Although the data below holds other lines too, output only those from the line with "The Form-Ribbed Maxi" up to and including the line with "色:ホワイトボトミングシャツ", exactly as they appear.

» Material provided
▽
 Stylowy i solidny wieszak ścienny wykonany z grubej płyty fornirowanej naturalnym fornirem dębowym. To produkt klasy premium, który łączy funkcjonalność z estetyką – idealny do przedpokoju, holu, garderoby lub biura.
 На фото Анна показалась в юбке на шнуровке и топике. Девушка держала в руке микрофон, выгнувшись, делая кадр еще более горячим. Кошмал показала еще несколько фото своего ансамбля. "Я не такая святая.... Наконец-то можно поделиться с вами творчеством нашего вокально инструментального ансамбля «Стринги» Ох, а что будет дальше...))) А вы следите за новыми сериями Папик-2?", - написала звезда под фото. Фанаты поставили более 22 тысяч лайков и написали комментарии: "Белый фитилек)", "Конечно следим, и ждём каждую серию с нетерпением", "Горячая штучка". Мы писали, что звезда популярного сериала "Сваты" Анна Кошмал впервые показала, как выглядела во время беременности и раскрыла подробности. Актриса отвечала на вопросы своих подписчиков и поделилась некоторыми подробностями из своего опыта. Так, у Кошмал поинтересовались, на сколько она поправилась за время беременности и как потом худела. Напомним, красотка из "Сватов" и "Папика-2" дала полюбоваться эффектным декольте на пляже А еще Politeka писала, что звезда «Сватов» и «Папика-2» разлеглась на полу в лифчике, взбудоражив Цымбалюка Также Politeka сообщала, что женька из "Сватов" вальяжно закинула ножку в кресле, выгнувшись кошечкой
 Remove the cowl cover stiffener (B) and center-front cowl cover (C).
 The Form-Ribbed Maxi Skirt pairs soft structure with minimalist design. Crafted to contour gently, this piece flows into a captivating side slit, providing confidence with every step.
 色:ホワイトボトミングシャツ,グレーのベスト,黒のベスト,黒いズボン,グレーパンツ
△
▽
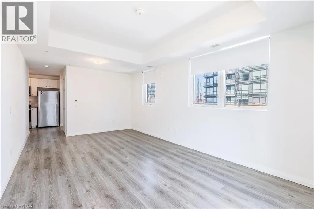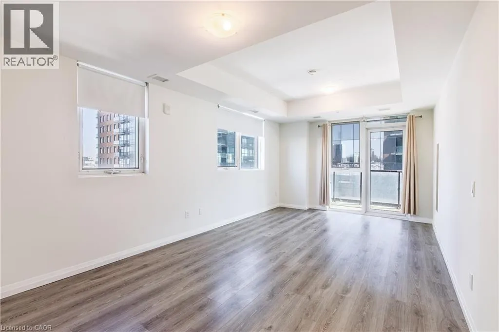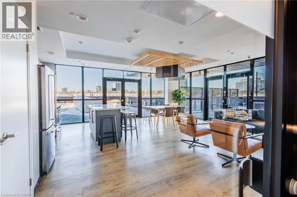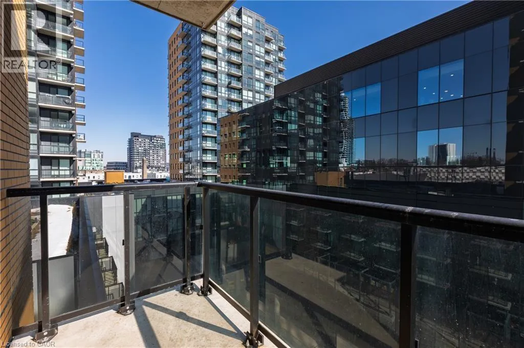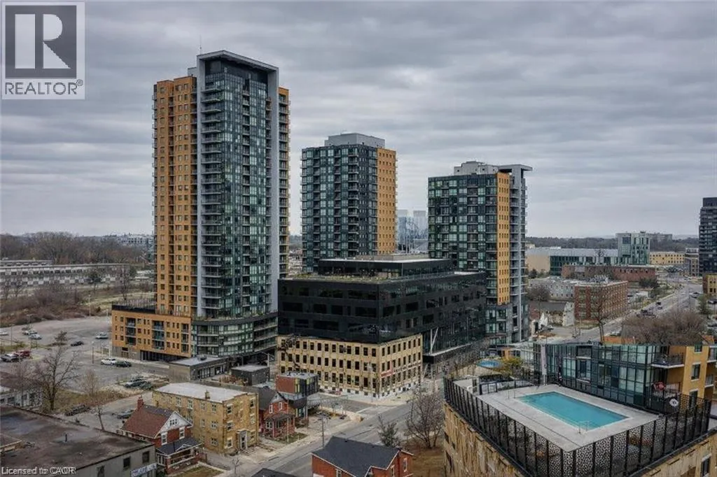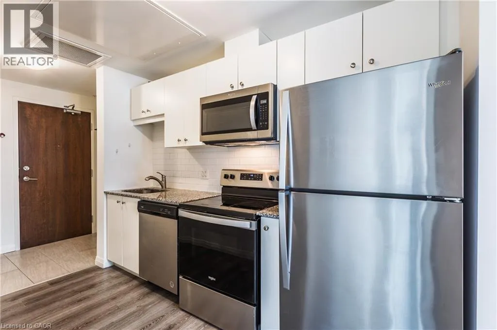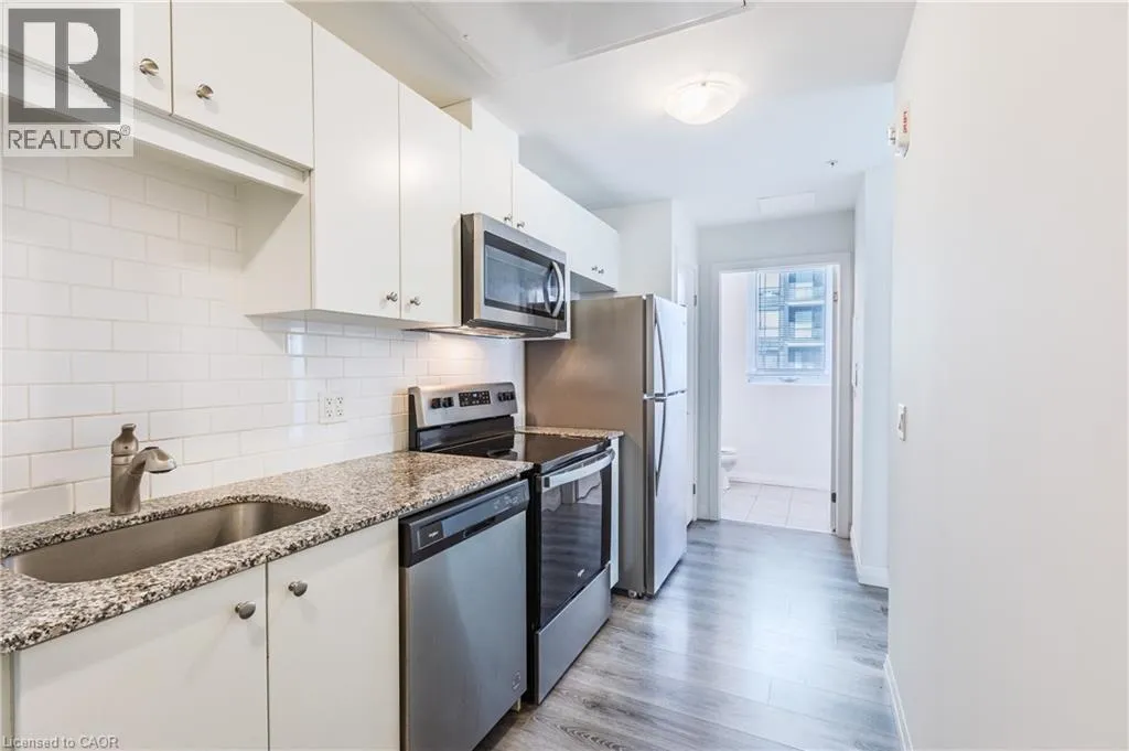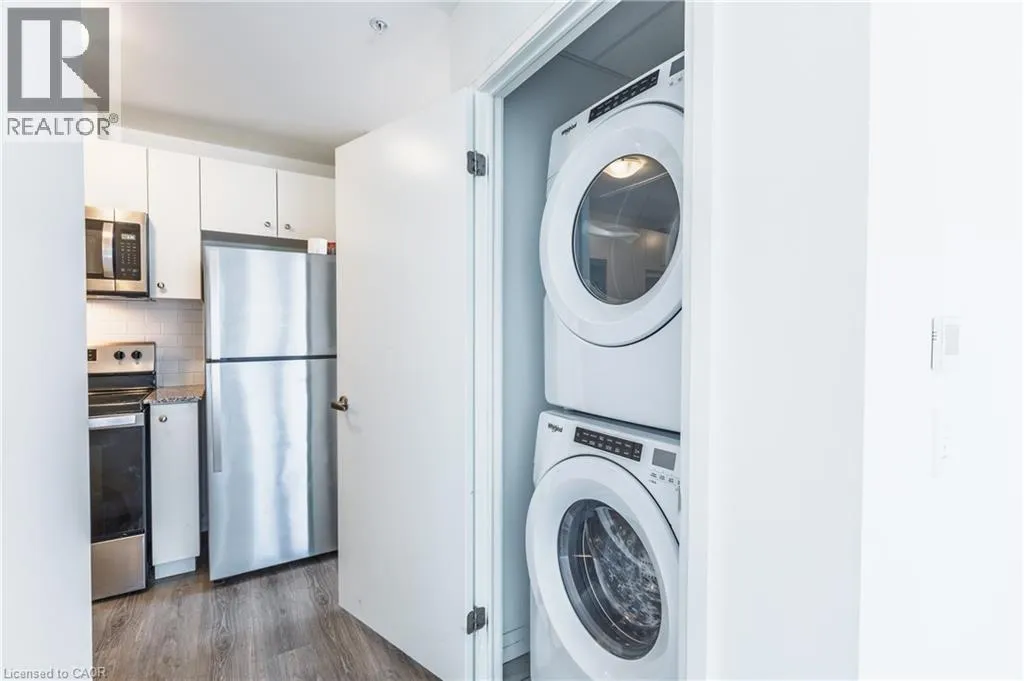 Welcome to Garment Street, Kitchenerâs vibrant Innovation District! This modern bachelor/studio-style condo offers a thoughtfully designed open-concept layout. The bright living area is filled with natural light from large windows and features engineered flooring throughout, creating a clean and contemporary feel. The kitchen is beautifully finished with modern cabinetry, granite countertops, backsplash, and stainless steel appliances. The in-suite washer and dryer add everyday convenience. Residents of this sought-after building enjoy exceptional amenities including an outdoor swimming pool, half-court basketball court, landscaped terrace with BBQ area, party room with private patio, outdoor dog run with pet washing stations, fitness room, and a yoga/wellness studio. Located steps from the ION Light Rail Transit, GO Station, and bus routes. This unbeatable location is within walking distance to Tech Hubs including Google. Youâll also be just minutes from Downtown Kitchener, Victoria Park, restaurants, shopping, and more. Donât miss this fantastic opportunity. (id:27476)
△
» Solution to this problem
 The Form-Ribbed Maxi Skirt pairs soft structure with minimalist design. Crafted to contour gently, this piece flows into a captivating side slit, providing confidence with every step.
 色:ホワイトボトミングシャツ,グレーのベスト,黒のベスト,黒いズボン,グレーパンツ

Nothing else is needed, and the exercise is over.